RB: All of your characters have the most miraculous names (Catholic, Ethos, Callisto, Lidia, Helio and Charleen). How do you name your characters? How do you feel each of your characters are in conversation with their names?
VKN: After visiting the Dali museum in St. Petersburg (Florida), my protagonist Catholic appeared out of the blue and told me she must be in my novel. Naturally, when a ghost commands you in such a fashion, you must listen & I made a point to insert her in. Ethos came from acquiring a two-month job as a barista in Lakeland, Florida, where Frank Lloyd Wright houses some of his beautiful chapels and architectural designs. If Ethos were a chapel, he would be Wright’s Annie Pfeiffer Chapel. Because I was indigent and carless and busless, I used to walk 4 hours each day, 2 hours each way to work at Starbucks. When I entered work, the plastic manufactured water bottle labeled “Ethos” eyed me with such thirst inducing mania that he had to be in my novel. Much of his existence at Starbucks satiated my dehydration after a long fatigued walk. I would come to work and be already tired and he would be there, sitting patiently in a basket. Probably sitting in the same basket that Moses rode down the Nile River. I gulped & swallowed so much of him. I stole Lidia from Michelangelo Antonioni’s La Notte. I like the idea of a character not walking out of screen — that would be too cliché, no? Instead, it would be nice if she didn’t walk off screen. Instead she could be a protagonist’s neighbor? With hair that you could eat like squid? At Brown, I had a classmate named Helia and I masculinized her so she could become a boy I could adore. Like Helio, she asked really good, astute questions. And, Charleen! I have no idea how she came about. She walked right into my manuscript without introducing herself or providing herself a history. She is very rude!

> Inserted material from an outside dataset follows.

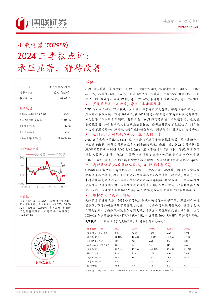 国联证券:小熊电器(002959)-2024三季报点评:承压显著,静待改善.pdf

RB: So much of your prose is steeped in sound. When you are writing, what does the sound of a sentence mean to you? Below are some of my favorites sentences, and strings of sentences, that I had to stop reading for so I could say them out loud.
— “I do not like the way my wife smells when she’s tearing me apart.”
— “My soul is a cul-de-sac.”
— “My son. I glance at my son. At his handsome face. Such a beautiful man my mammary gland once nourished. I breastfed him daily, spoon-fed him my nipples. And now just look at him, milky and white.”
— “The image stays with me as I leave him to be with the sofa. Furniture is comforting. It doesn’t try to make love to me or ignite my fear. It’s just there, slutless and lovely.”
VKN: My first language is Vietnamese. My second language is Latin. When you speak in Vietnamese — whatever comes off your lips should sound very musical. Sound drives the meaning of the Vietnamese language. So if you love those sonic sentences, please know they were influenced and born from my mother tongue.